▶ _Problem to work on_: Your copy of the data below must be exact and must leave out all pictures.

★ ★ ★ ★ ★

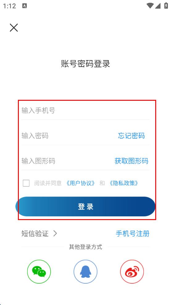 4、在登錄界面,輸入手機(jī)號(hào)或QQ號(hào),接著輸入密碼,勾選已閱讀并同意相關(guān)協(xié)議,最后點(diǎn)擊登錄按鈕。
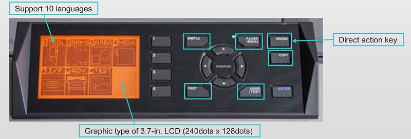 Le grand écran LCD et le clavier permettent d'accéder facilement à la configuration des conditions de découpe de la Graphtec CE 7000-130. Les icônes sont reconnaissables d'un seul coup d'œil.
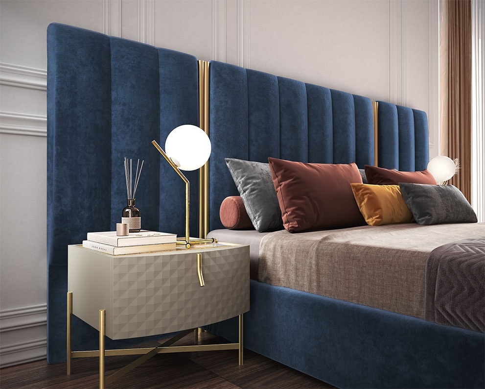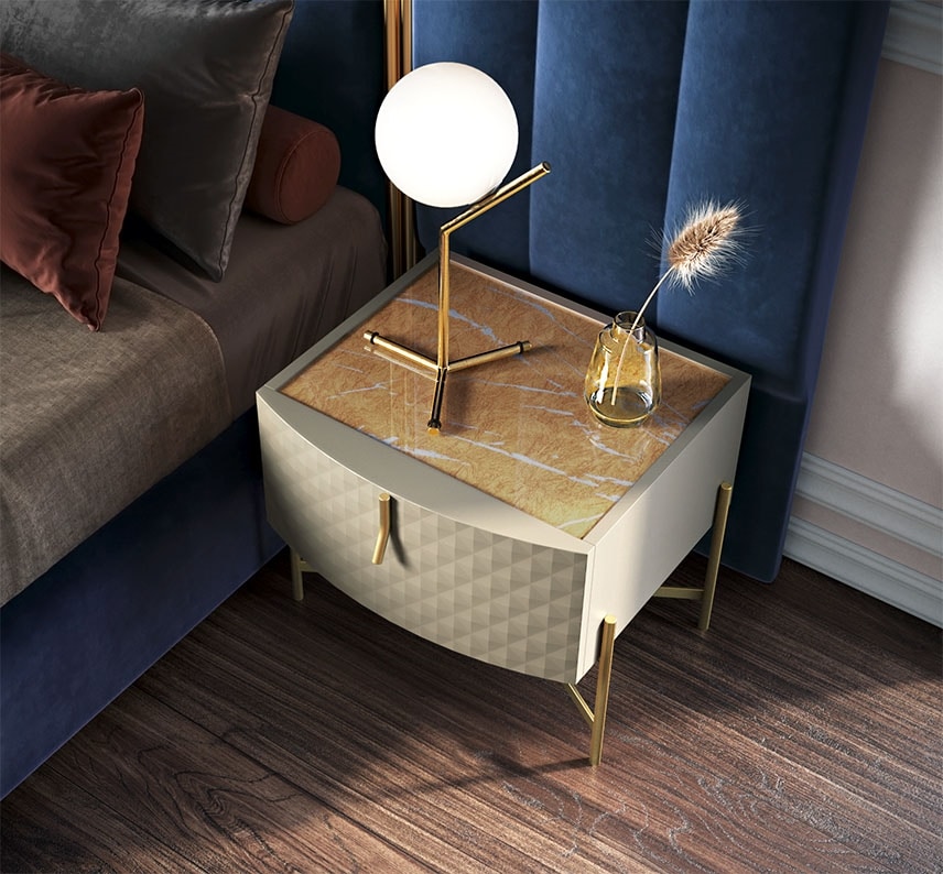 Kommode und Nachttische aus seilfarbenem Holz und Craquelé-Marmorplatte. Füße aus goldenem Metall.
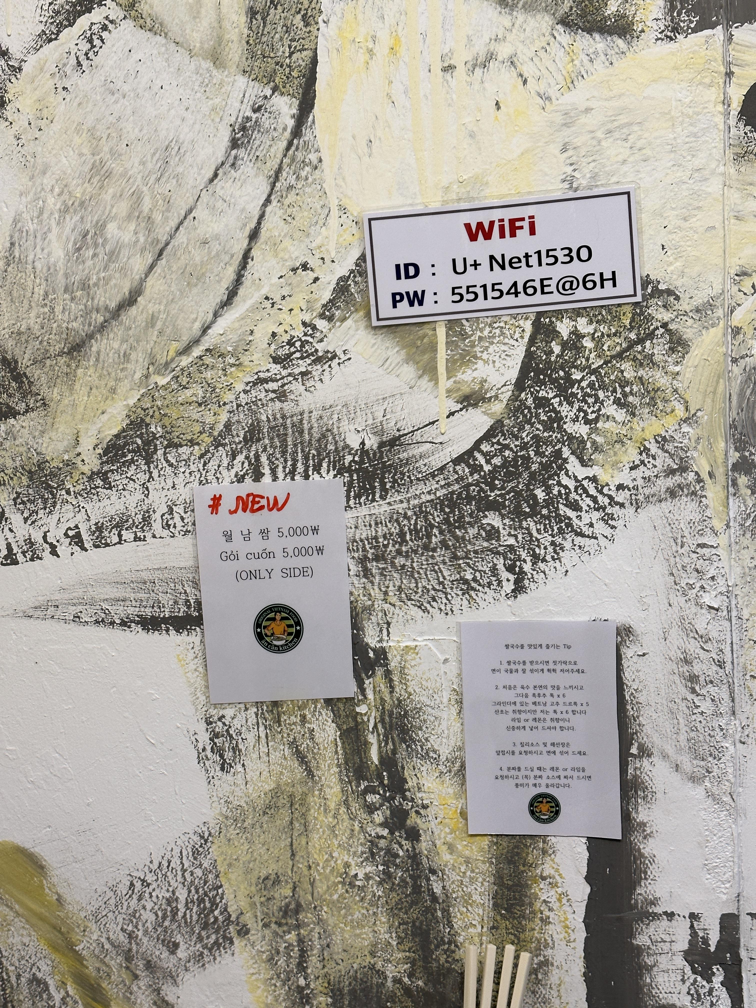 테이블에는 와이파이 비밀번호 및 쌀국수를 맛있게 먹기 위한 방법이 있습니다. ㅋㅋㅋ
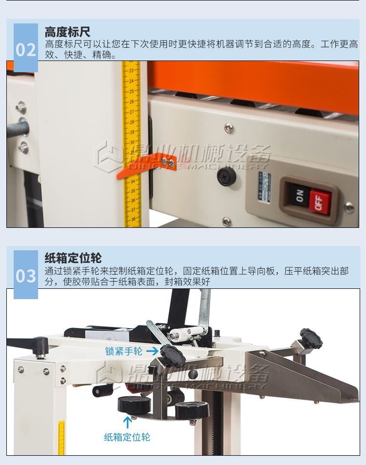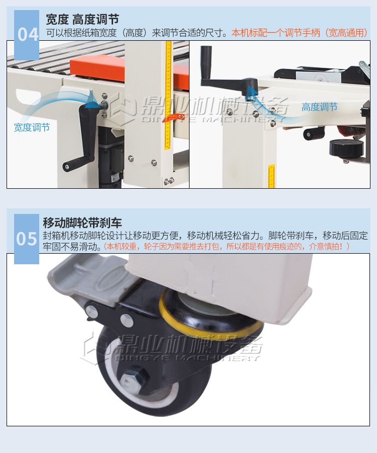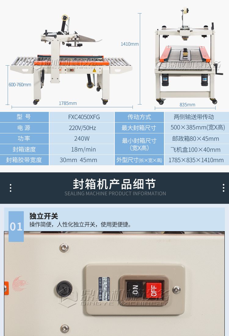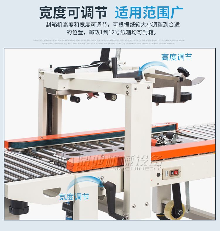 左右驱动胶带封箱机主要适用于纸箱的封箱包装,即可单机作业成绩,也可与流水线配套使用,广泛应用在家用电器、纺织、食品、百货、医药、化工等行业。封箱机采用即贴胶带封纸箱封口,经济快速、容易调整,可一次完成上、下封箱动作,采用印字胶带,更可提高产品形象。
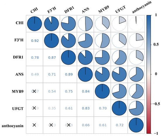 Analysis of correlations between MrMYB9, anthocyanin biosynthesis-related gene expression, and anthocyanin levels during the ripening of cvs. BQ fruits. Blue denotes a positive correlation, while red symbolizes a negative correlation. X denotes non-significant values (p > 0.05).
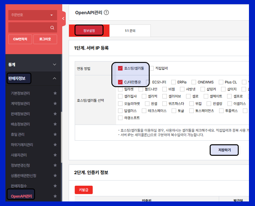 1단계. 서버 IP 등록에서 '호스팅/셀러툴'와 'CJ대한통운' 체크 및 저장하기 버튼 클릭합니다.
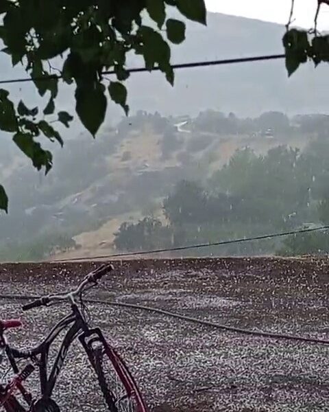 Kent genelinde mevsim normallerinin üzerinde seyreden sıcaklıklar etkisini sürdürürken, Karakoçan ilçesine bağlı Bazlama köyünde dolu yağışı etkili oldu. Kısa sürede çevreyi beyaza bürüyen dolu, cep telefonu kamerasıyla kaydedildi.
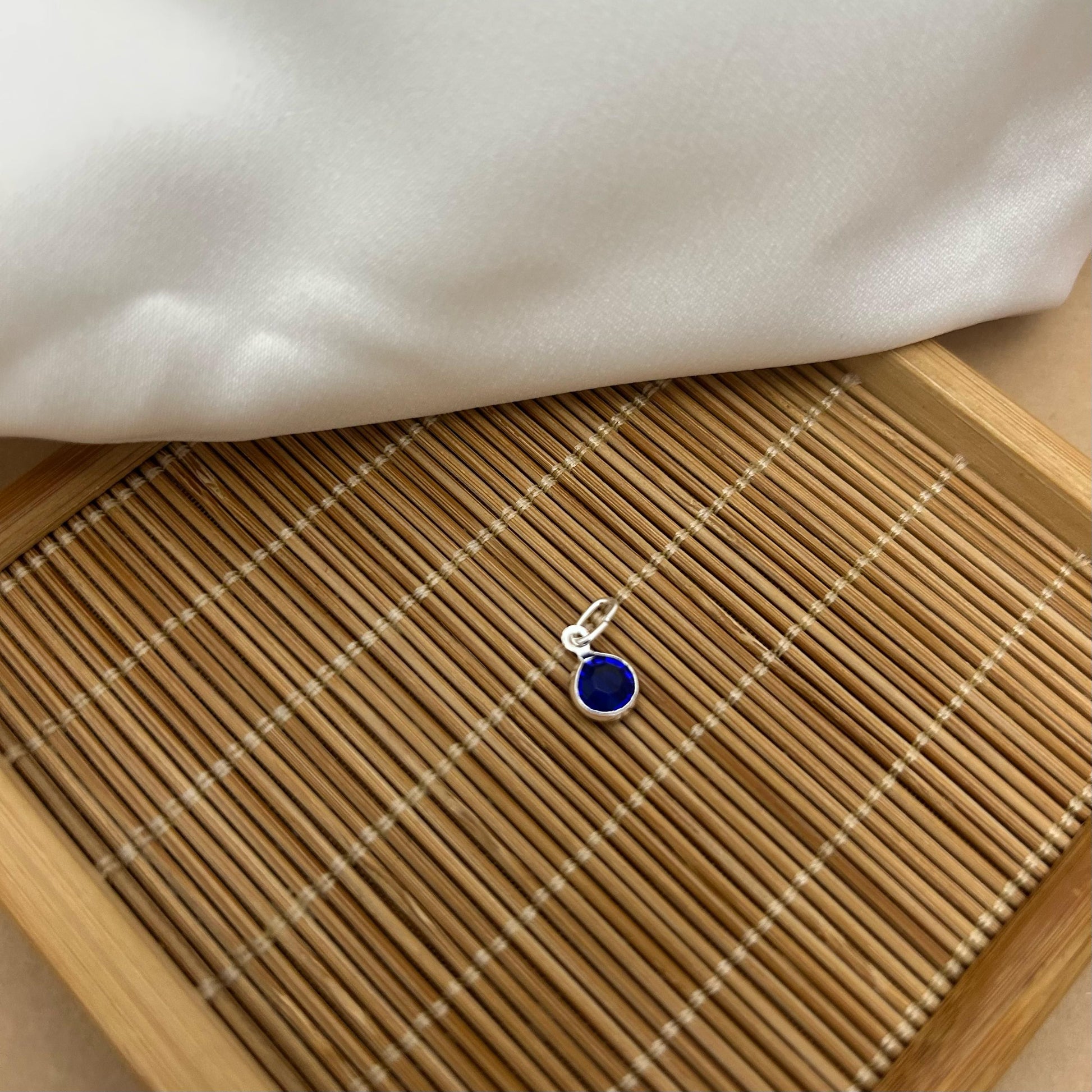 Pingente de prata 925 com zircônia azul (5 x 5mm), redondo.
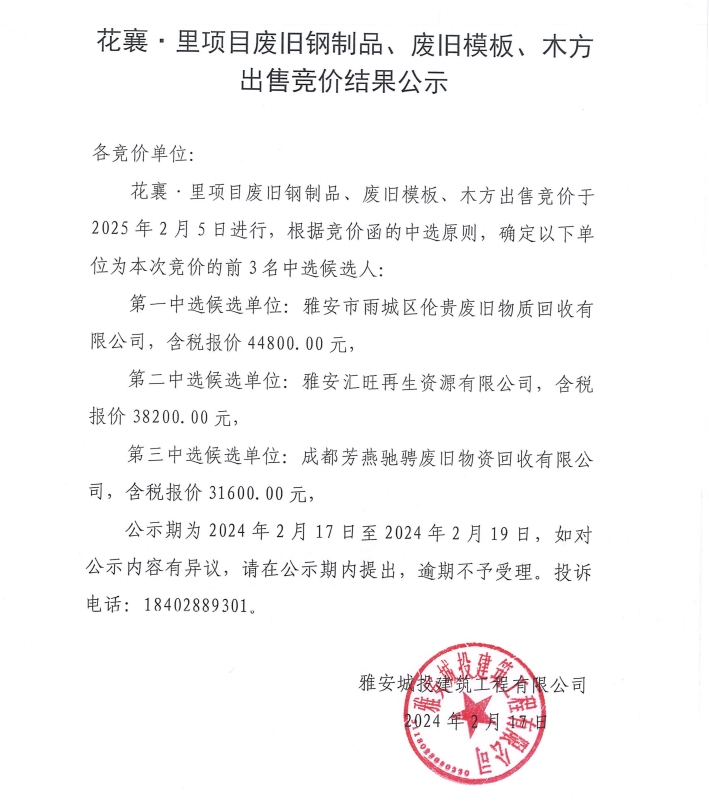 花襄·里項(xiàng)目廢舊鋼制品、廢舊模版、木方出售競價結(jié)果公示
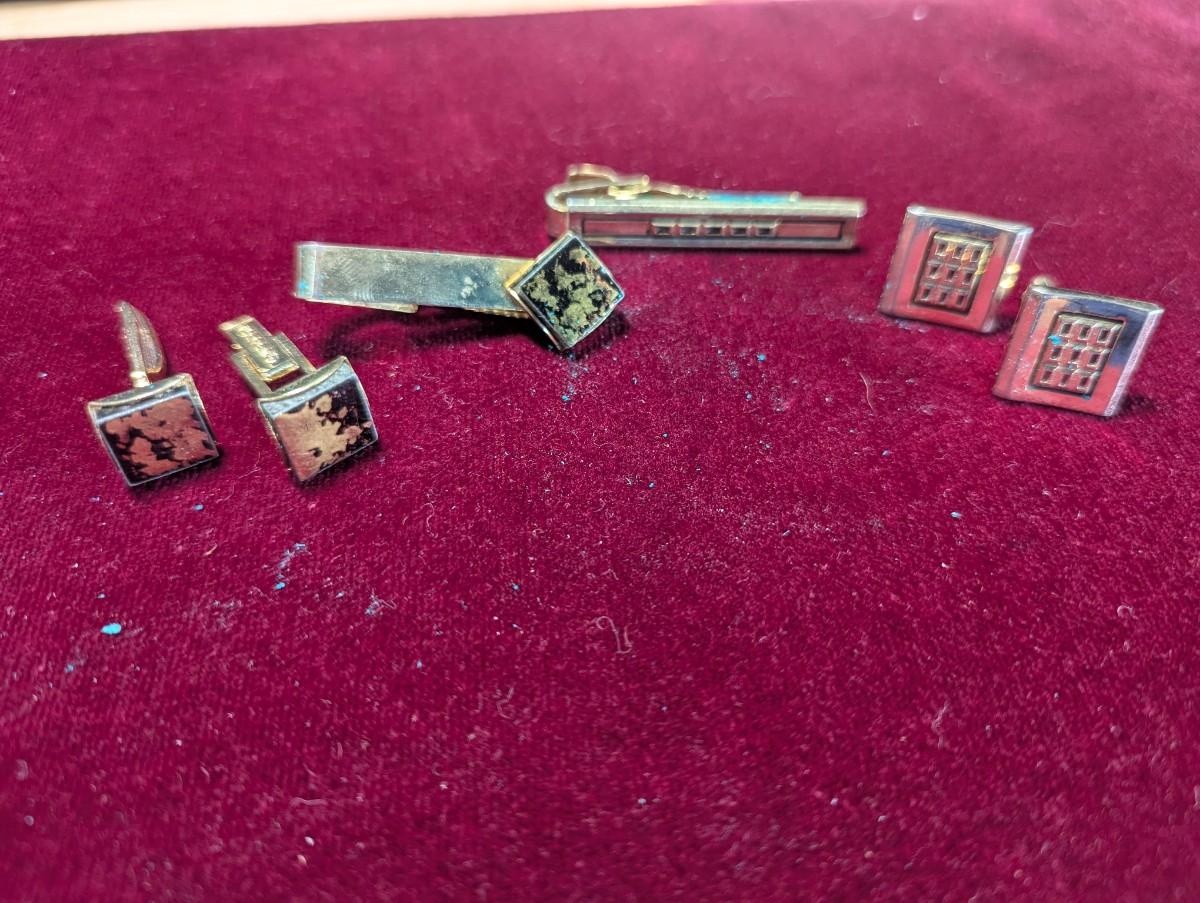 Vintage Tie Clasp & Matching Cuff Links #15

★ ★ ★ ★ ★

▶ _Expected answer_:
 4、在登錄界面,輸入手機(jī)號(hào)或QQ號(hào),接著輸入密碼,勾選已閱讀并同意相關(guān)協(xié)議,最后點(diǎn)擊登錄按鈕。
 Le grand écran LCD et le clavier permettent d'accéder facilement à la configuration des conditions de découpe de la Graphtec CE 7000-130. Les icônes sont reconnaissables d'un seul coup d'œil.
 Kommode und Nachttische aus seilfarbenem Holz und Craquelé-Marmorplatte. Füße aus goldenem Metall.
 테이블에는 와이파이 비밀번호 및 쌀국수를 맛있게 먹기 위한 방법이 있습니다. ㅋㅋㅋ
 左右驱动胶带封箱机主要适用于纸箱的封箱包装,即可单机作业成绩,也可与流水线配套使用,广泛应用在家用电器、纺织、食品、百货、医药、化工等行业。封箱机采用即贴胶带封纸箱封口,经济快速、容易调整,可一次完成上、下封箱动作,采用印字胶带,更可提高产品形象。
 Analysis of correlations between MrMYB9, anthocyanin biosynthesis-related gene expression, and anthocyanin levels during the ripening of cvs. BQ fruits. Blue denotes a positive correlation, while red symbolizes a negative correlation. X denotes non-significant values (p > 0.05).
 1단계. 서버 IP 등록에서 '호스팅/셀러툴'와 'CJ대한통운' 체크 및 저장하기 버튼 클릭합니다.
 Kent genelinde mevsim normallerinin üzerinde seyreden sıcaklıklar etkisini sürdürürken, Karakoçan ilçesine bağlı Bazlama köyünde dolu yağışı etkili oldu. Kısa sürede çevreyi beyaza bürüyen dolu, cep telefonu kamerasıyla kaydedildi.
 Pingente de prata 925 com zircônia azul (5 x 5mm), redondo.
 花襄·里項(xiàng)目廢舊鋼制品、廢舊模版、木方出售競價結(jié)果公示
 Vintage Tie Clasp & Matching Cuff Links #15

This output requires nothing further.